03:15:11 -xmr-pr- jeffro256 opened pull request #8707: unit_tests: do_serialize() assumption in verRctNonSemanticsSimpleCache...
03:15:11 -xmr-pr- > https://github.com/monero-project/monero/pull/8707
05:58:09 <r4v3r23[m]>  any chance for 8617 (background sync) to make it in next release/
05:58:14 <r4v3r23[m]> s///?/
06:02:09 <selsta> r4v3r23[m]: it's a large PR that isn't code reviewed yet, only tested
06:02:16 <selsta> won't make it in v0.18.2.0
08:02:30 <jeffro256[m]> Y'all, take a look at https://github.com/monero-project/monero/pull/8707#issuecomment-1382686284. We may need to roll back 
08:44:07 <sech1> jeffro256[m] no need to roll back, the current code is correct because it doesn't use the cache for CLSAG
08:57:46 <dEBRUYNE> selsta: Any target date for the next release?
09:02:15 <sech1> IIRC Not earlier than February
09:25:27 <jeffro256[m]> The current code happens to not have a double spend bug  because of what kayabanerve[m] said.
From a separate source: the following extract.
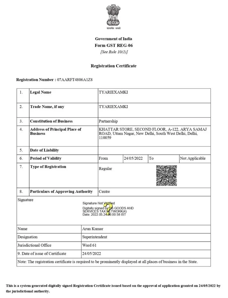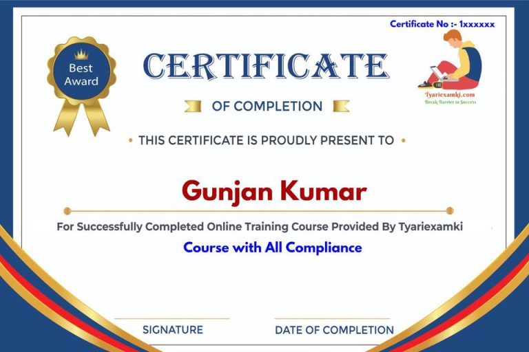 This certificate validates the successful completion of the online training Course by Tyariexamki. It represents dedication, knowledge, and expertise in ROC Incorporation and Compliance Filing.

In the one place that calls verRctNonSemanticsSimpleCached, the message field is populated as a hash of the transaction prefix which contains the key image, which is the data reconstructed into rctSig::p::CLSAGs[x]::I
09:25:53 <kayabanerve[m]> sech1 BP+ still uses CLSAG
09:26:09 <kayabanerve[m]> The RCT Type CLSAG is for CLSAG + BP.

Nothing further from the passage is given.